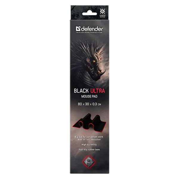 Podkładka pod mysz Defender Black Ultra to idealne rozwiązanie dla graczy i osób pracujących przy komputerze. Jej duży rozmiar (800x300 mm) zapewnia wystarczającą przestrzeń do swobodnego ruchu myszy, a grubość 3 mm oferuje komfort użytkowania. Wykonana z tkaniny poddanej obróbce cieplnej oraz naturalnej gumy, gwarantuje gładkość powierzchni i pewne mocowanie na każdej powierzchni.
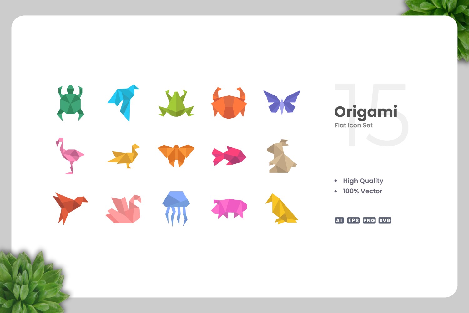 Set of 15 Origami flat icons | Simple and clean design, perfect for websites, mobile apps, books, social media, infographics, flyer, print, banners, posters and many more. To resize or change color you can easily edit on vector software like Adobe Illustrator and CorelDRAW.
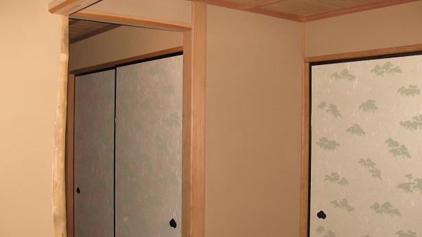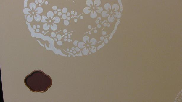 203号室の京唐紙を新しく致しました。 からかみで部屋の表情がすっかり変わっちゃって リニューアル~ 松の唐紙の「手がかり」は松 梅の唐紙の「手がかり」は梅 こちらは何とも可愛い「桐」の絵 尾形光琳も用いた伝統的な図柄だそうです(工事クン談) この部屋にいるとウキウキしてきます

▶ [TASK STATEMENT]:
Please keep every line of the data the same when you reproduce it, and keep every picture out.

▶ [YOUR RESPONSE]:
 Podkładka pod mysz Defender Black Ultra to idealne rozwiązanie dla graczy i osób pracujących przy komputerze. Jej duży rozmiar (800x300 mm) zapewnia wystarczającą przestrzeń do swobodnego ruchu myszy, a grubość 3 mm oferuje komfort użytkowania. Wykonana z tkaniny poddanej obróbce cieplnej oraz naturalnej gumy, gwarantuje gładkość powierzchni i pewne mocowanie na każdej powierzchni.
 Set of 15 Origami flat icons | Simple and clean design, perfect for websites, mobile apps, books, social media, infographics, flyer, print, banners, posters and many more. To resize or change color you can easily edit on vector software like Adobe Illustrator and CorelDRAW.
 203号室の京唐紙を新しく致しました。 からかみで部屋の表情がすっかり変わっちゃって リニューアル~ 松の唐紙の「手がかり」は松 梅の唐紙の「手がかり」は梅 こちらは何とも可愛い「桐」の絵 尾形光琳も用いた伝統的な図柄だそうです(工事クン談) この部屋にいるとウキウキしてきます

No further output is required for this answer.